Developing the Technology
We needed a solution that would be easy to use and could scale to meet the needs of 350,000+ hourly team members across the country. We also needed a solution that emphasized responsiveness but could manage difficult data structures comprised of large volumes of schedule and timecard data.
Target’s technology product model really proved advantageous once we determined our objectives and requirements. There was no need to devise new technologies – we built the app and its features completely on our existing technology stack. It was a testament to our years of investment in developing a customized platform and microservices architecture.
We started defining minimum viable product parameters by engaging with distribution center partners and focusing on key improvements to their process. Schedule preferences and visibility were important to one portion of that team while the ability to manage and communicate about voluntary and mandatory schedule changes were critical to another portion.

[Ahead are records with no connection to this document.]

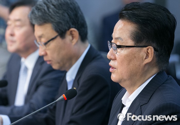(서울=포커스뉴스) 30일 오전 서울 여의도 국회 의원회관에서 열린 국민의당 의원총회에 참석한 박지원 비대위원장이 모두발언을 하고 있다.
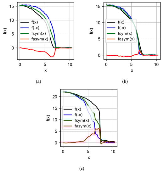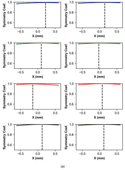 The symmetry and antisymmetry function were evaluated as described above in a section close to the centroid to obtain the point of maximum symmetry. It can be seen later, then, that due to the shape of the symmetry, this interval does not necessarily have to be large. In Figure 5a,c, we can see the symmetric and antisymmetric functions at the most extreme points of the analysis section. It can be seen that the greatest asymmetry occurs at the limits of the layer with the substrate. Figure 5b shows the value of x, where the greatest symmetry occurs between the two sides of the layer profile.
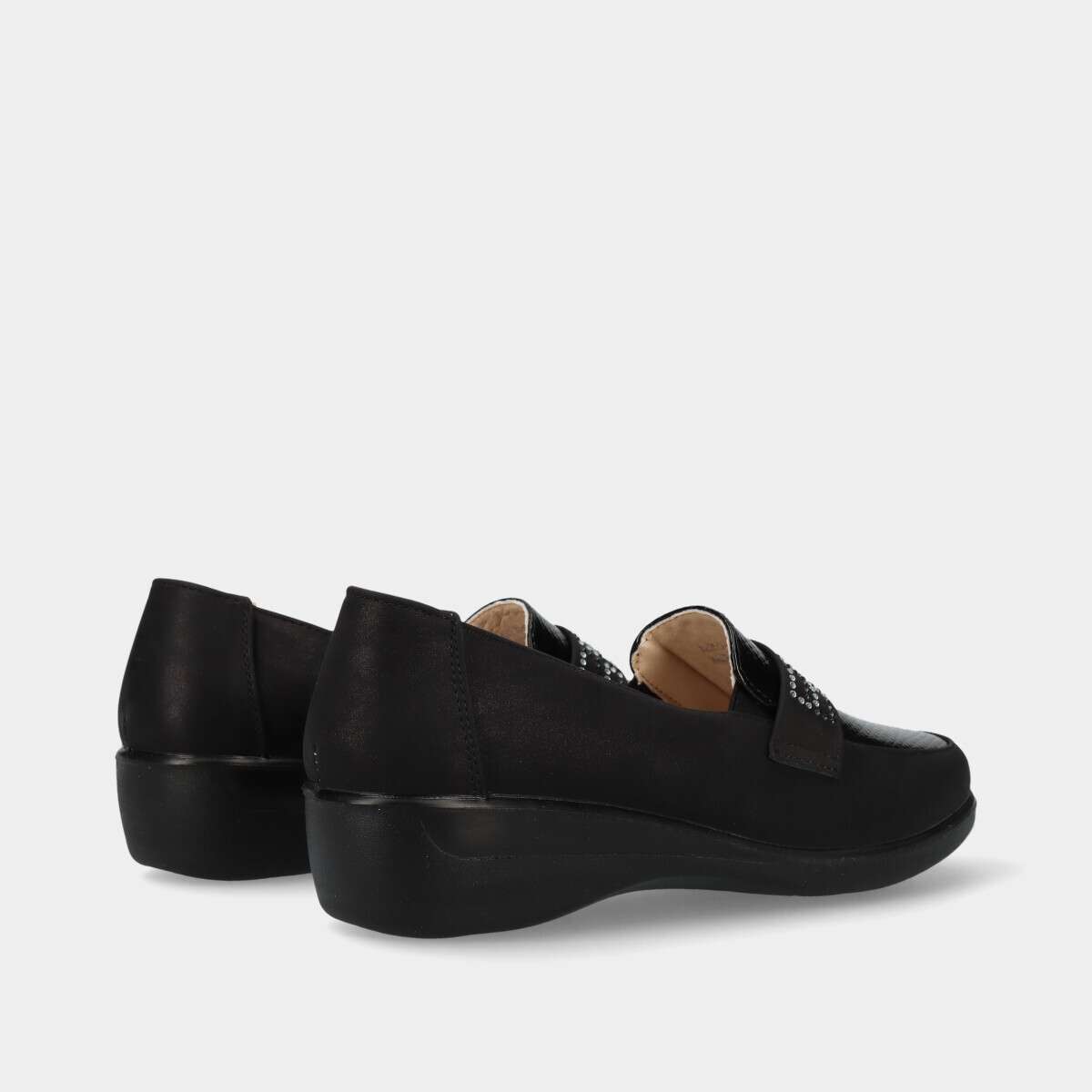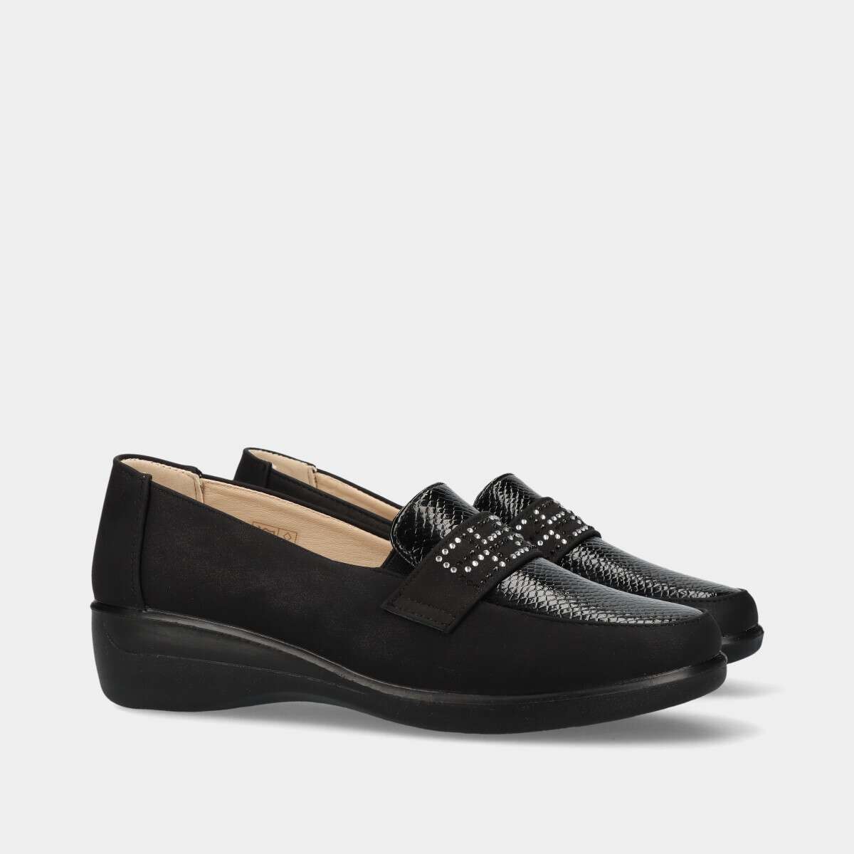 Sapato na cor preta brilhante com pedras brilhantes e palmilha confortável.

We built these functions into the app and began testing them with a single distribution center and a couple thousand team members.
During the process, our team pivoted to producing data from Kafka and consuming it into caches that serve the myTime for Target application. All of this operates at and for Target scale showing a minimum amount of delay between the underlying administrative system and the mobile application, while maintaining integrity of our scheduling and timekeeping data.
Testing and Learning
We slowly expanded the number of distribution centers we worked with and continued to improve the app’s functionality based on more input. Focus group feedback gave us valuable insight on how team members were using myTime, what additional features would be helpful to extend our use cases, and how we should adjust engineering priorities as we continued to expand the pilot. Early on, our engineers built a “request to cover” option where team members can post and swap shifts or pick up more hours simply, and with automatic approvals that account for data complexities. The capability has helped speed up the time it takes for some weekly scheduling and planning processes to just a few minutes.
With an average of over 70 interactions per second on the platform by team members, we have helpful user feedback arriving via multiple channels and our team continues to make additions, corrections, and improvements to the platform through weekly releases. Our goal remains the same – a solution that streamlines tasks and improves the scheduling experience.
We’re proud of this technology we’ve built and the positive impact that it’s having for our team members and leaders. And much more is possible. As we work to deliver additional scheduling capabilities and features, we will provide more opportunities for deeper engagement, improved work life balance, and a more empowered and connected workforce. The app and our engineering process is proving that both what we build and how we build are competitive differentiators for Target.